While Evolutionary Psychology is not widely respected among cognitive scientists (Evolutionary Psychologists get a lot of popular press, while Tomasello gives a plenary speech at the most prestigious cognitive science conference), some of its basic ideas, in less extreme and absurd forms, are. The extreme contrast between Tomasello's work and that of Evolutionary Psychologists can therefore serve as an illustration of the generally more subtle contrasts between Tomasello and the beliefs of most cognitive scientists. To understand this contrast, then, it's important to understand the basic tenets of Evolutionary Psychology.

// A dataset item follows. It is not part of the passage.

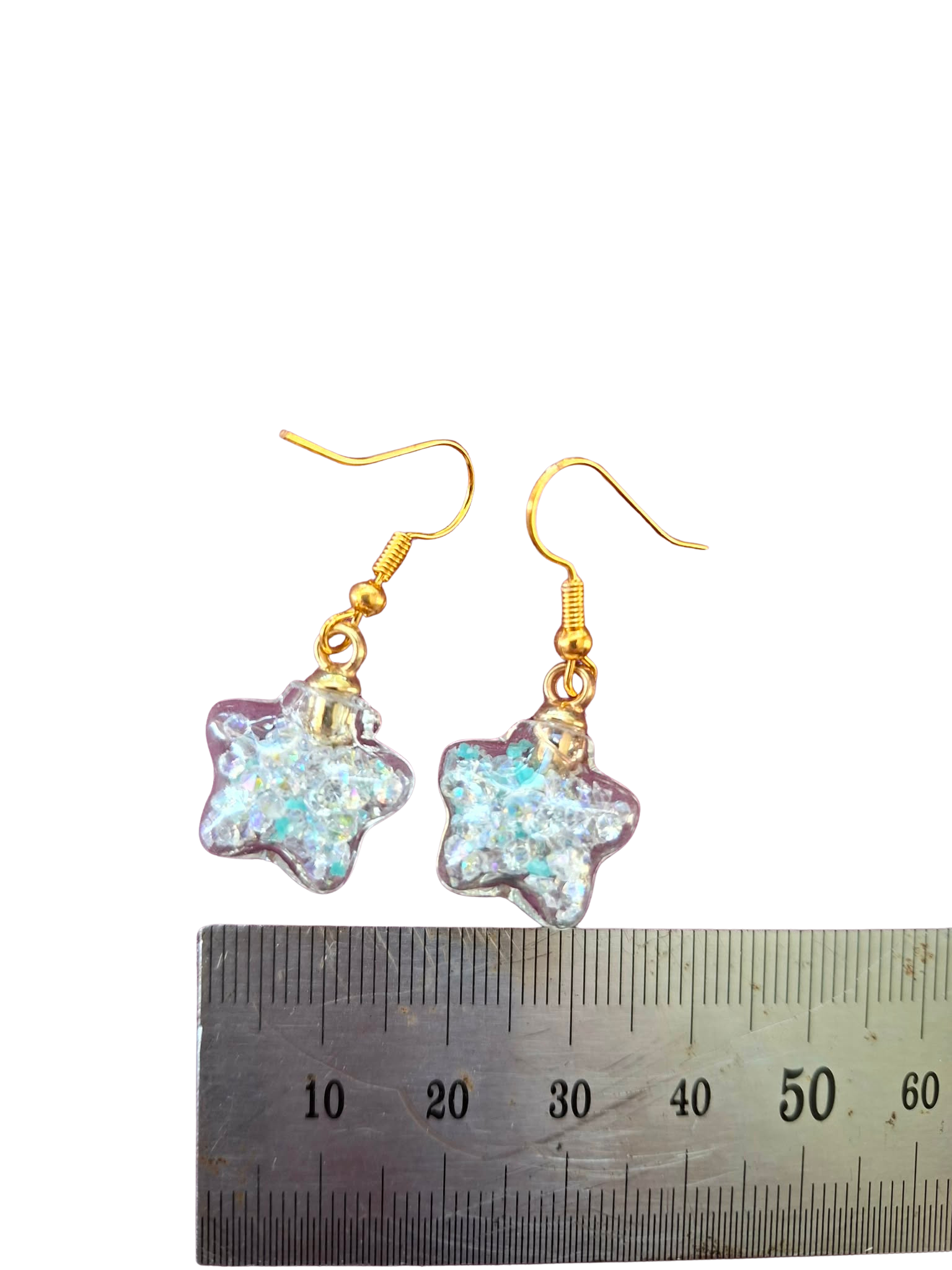 Cute clear star earrings filled with twinkling crystals that shimmer as they move. Finished with gold-tone accents and comfy hypoallergenic hooks.

Here is how Stephen Pinker, one of the foremost proponents of Evolutionary Psychology, describes its purpose:
The goal of research in evolutionary psychology is to discover and understand the design of the human mind... Evolutionary psychology often investigates the adaptive functions of cognitive and emotional systems -- how natural selection "engineered" them to solve the kinds of problems faced by our ancestors in their struggle to survive and reproduce... Complex organs like eyes have many precise parts in exacting arrangements, and the odds are astronomically stacked against their having arisen fortuitously from random genetic drift or as a by-product of something else. Second, the brain, like the eyes and the feet, shows signs of good design. The adaptive problems it solves, such as perceiving depth and color, grasping, walking, reasoning, communicating, avoiding hazards, recognizing people and their mental states, and juggling competing demands in real time are among the most challenging engineering tasks ever stated, far beyond the capacity of foreseeable computers and robots. Put the premises together -- complex design comes from natural selection, and the brain shows signs of complex design -- and we conclude that much of the brain should be explained by natural selection.The idea that the brain evolved through natural selection is not a controversial one, and is part of Tomasello's view as well, but even in this short description Pinker hints at what makes Evolutionary Psychology interesting and controversial: the idea that the brain evolved, through natural selection, specific abilities to perform specific tasks, like theory-of-mind ("recognizing people and their mental states"). This is how Leda Cosmides and John Tooby put it:
[T]he reason we have one set of [brain] circuits rather than another is that the circuits that we have were better at solving problems that our ancestors faced during our species' evolutionary history than alternative circuits were. The brain is a naturally constructed computational system whose function is to solve adaptive information-processing problems (such as face recognition, threat interpretation, language acquisition, or navigation). Over evolutionary time, its circuits were cumulatively added because they "reasoned" or "processed information" in a way that enhanced the adaptive regulation of behavior and physiology.There are two important parts to these claims, against which Tomasello will argue: 1) The neural circuits that evolved did so in response to (highly) specific adaptive problems, and 2) these problems were the ones faced by our evolutionary ancestors that existed in the time between our common ancestor with modern apes. The argument for the first of these is pretty simple and intuitive. In essence, it says that there was no such thing as a "domain-general" problem in our evolutionary environment, and therefore, we could not have evolved brains that were designed with domain-general problem solving mechanisms. Our evolutionary ancestors' environment involved many specific problems that, if they were to survive, they would have to deal with adaptively. This would require the brain to develop specific mechanisms designed to deal with those specific problems. The problems that Evolutionary Psychologists often discuss in this vein include the problems of detecting cheaters and rewarding cooperators (reciprocal altruism), the problems of selecting and procuring mates, the problem of detecting when your mate is mating with others behind your back (so that, if you're male, you can know whether her offspring are actually yours), and the problem of figuring out what's going on in other people's minds (theory-of-mind).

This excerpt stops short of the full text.